Home Maintenance Checklist: Your Ultimate Guide

It is said that your home is your greatest investment. If this is so, why do so many people neglect it? Driving down just about any street you can see many houses that are in need of some serious TLC. Some of these may even require so many repairs that the owners would have to go that much further into debt! If you drive your car thousands of miles, even into the tens of thousands, without changing the oil, would you expect the car to last?

Your home is no different. From the obvious missing shingles and leaky taps to the almost never considered hot water system sediment buildup, there are countless items that can prevent your home from providing you with the most reliable comfort possible. We have compiled a house maintenance checklist that you can follow to ensure the efficiency and longevity of your home.

Depending on your region or equipment in your home, some items in the following lists may not be necessary. These lists are basic overviews and are not intended to be complete. Most importantly, and this will be repeated throughout this post, SAFETY IS FIRST. If you don’t feel that some of these items may be safe, call a contractor to perform the work. Preventive maintenance work is a lot less expensive than repair work.

Spring Maintenance

Wintry conditions can wreak havoc on the exterior of your home. The drastic temperature changes, the excessive snow or rain, can potentially cause damage that if not corrected in a timely fashion will be very expensive. To catch these items before your pocket book suffers and to prepare for the summer months ahead, we recommend these following items be performed. Remember, safety first! If you feel uncomfortable performing any of these tasks, call a contractor as they will have the proper safety equipment to do the required work.

  • Check shingles and roof flashing – have repaired as necessary
  • Check the siding and trim for loose boards – nail back down
  • Replace any rotting wood such as door/window trim
  • Recaulk any loose or missing seals around doors, windows, building joints, etc.
  • Clean gutters and downspouts, make repairs as necessary
  • Trim hedges and trees
  • Clean flower beds and spread mulch
  • Flush the water heater
  • Clean windows
  • Replace storm windows with screens
  • Reinstall window air conditioner units
  • Replace the batteries in your smoke detectors, carbon monoxide detectors, and thermostats
  • Clean the clothes dryer vent
  • Have the air conditioning system checked for leaks and ensure reliability
  • Turn shut-off valves to sinks, commodes, refrigerators, washing machine, etc., completely off, then on again

Summer Maintenance

Summer is here! Time for picnics and running through the sprinklers! But to have peace of mind that your house is in order and that you won’t be spending all summer working overtime to try to pay contractors for all the repairs that could have been prevented, these items should be done regularly, and summer is the perfect season to do so. If you don’t have the equipment to do some of these, such as a pressure washer or carpet scrubber, they can be rented.

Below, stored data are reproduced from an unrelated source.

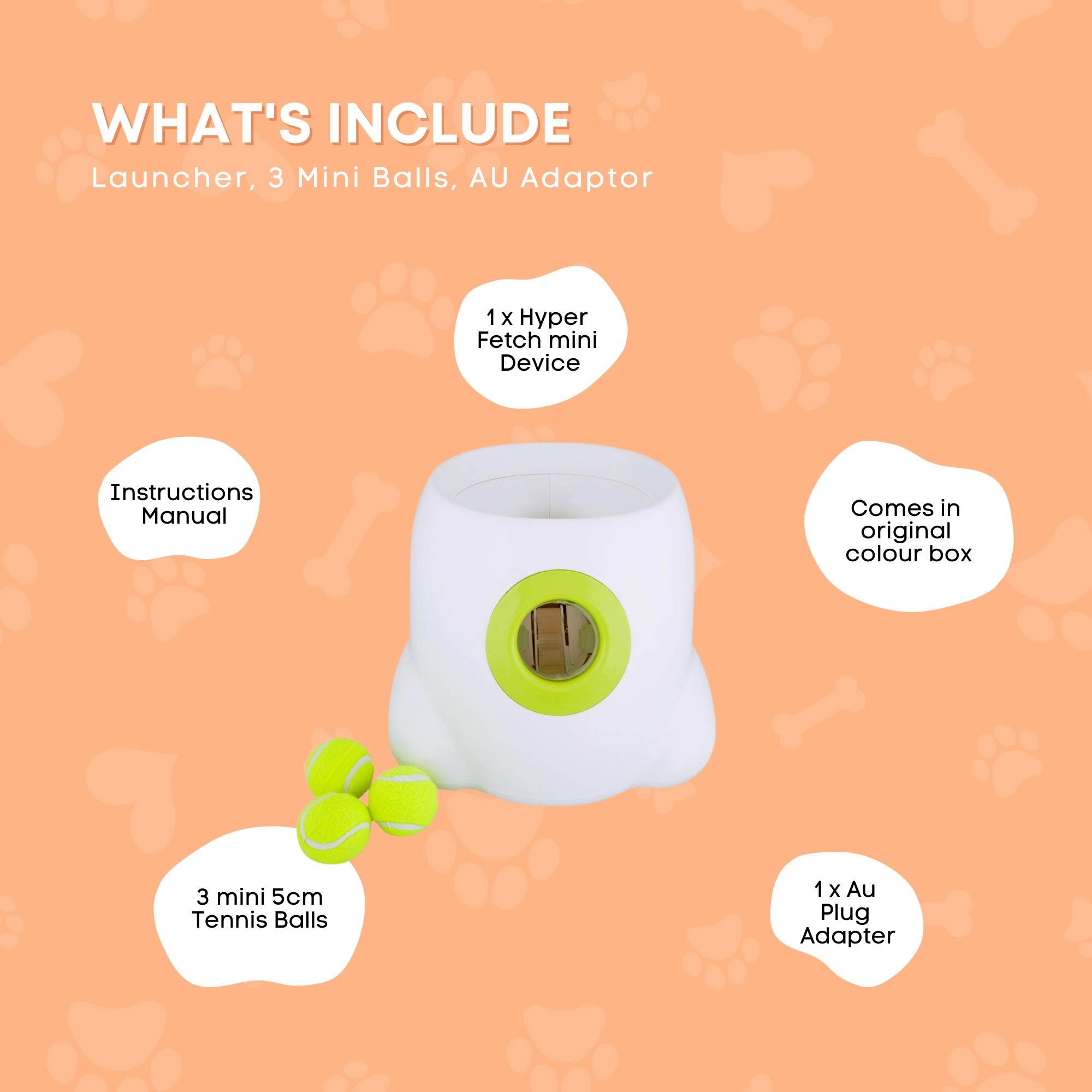 Package Includes: Hyper Fetch Mini Launcher, 3 x Mini Tennis Balls, AU AC Power Adaptor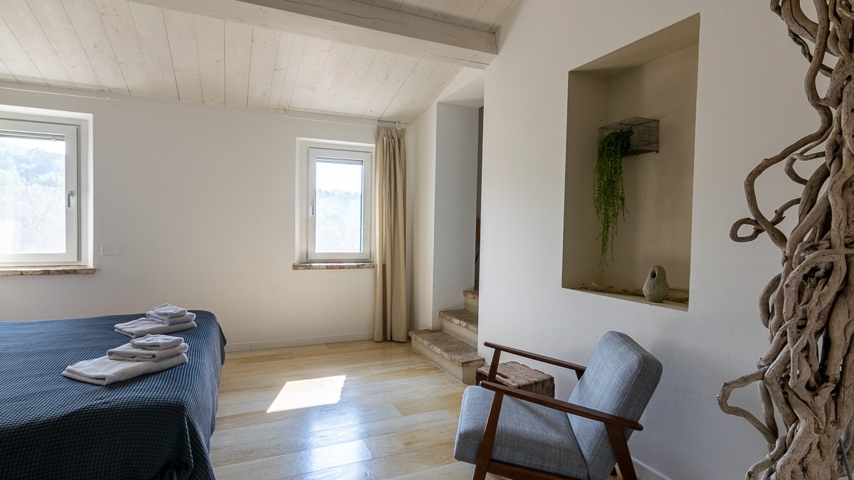 With four bedrooms and four bathrooms, this vacation home is perfect for spending quality time with family and friends. There is a large terrace with dining table, ideal for all eating outside together. There are also several sitting areas on the terrace, by the pool and close to the very nice BBQ area. Villa Urban is surrounded by a beautiful garden and organically cultivated fields. There is a spectacular view from the private pool of 10×4 meters.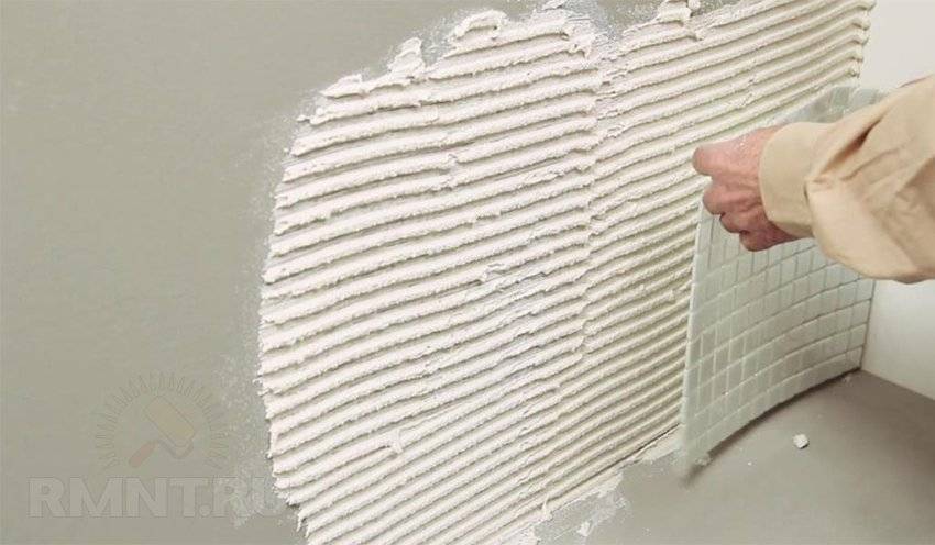 Клей, выступивший на поверхность мозаики, следует сразу же удалить. Мозаичная плитка на сетке приклеивается сеткой к стене. А мозаичная плитка на бумажной основе — бумагой вверх.

  • Pressure wash the outside of the house, including driveway and sidewalks
  • Repair/repaint any areas on the exterior that need touching up
  • Check that all siding is secure and the brick is without cracks in the mortar
  • Inspect sidewalks and driveway for cracks and make sure all sections are level
  • Shampoo carpets and scrub tile floors
  • Seal tile floors and wax hardwood floors

Fall Maintenance

Fall is the time to prepare for the winter weather ahead. Some items here may not be applicable to you, but they may be a consideration depending on your climate zone. The use of storm windows, for instance, can save you up to 10-20% in your heating costs. Fall is also the season where critters are going to find stable homes, and as rent to you they can leave you with insulation issues, damage to the roof depending on their means of entry, and have in some cases chewed through electrical wiring. Following this list can help you prevent or at the least prevent costly damages by remedying the issues before they get out of control.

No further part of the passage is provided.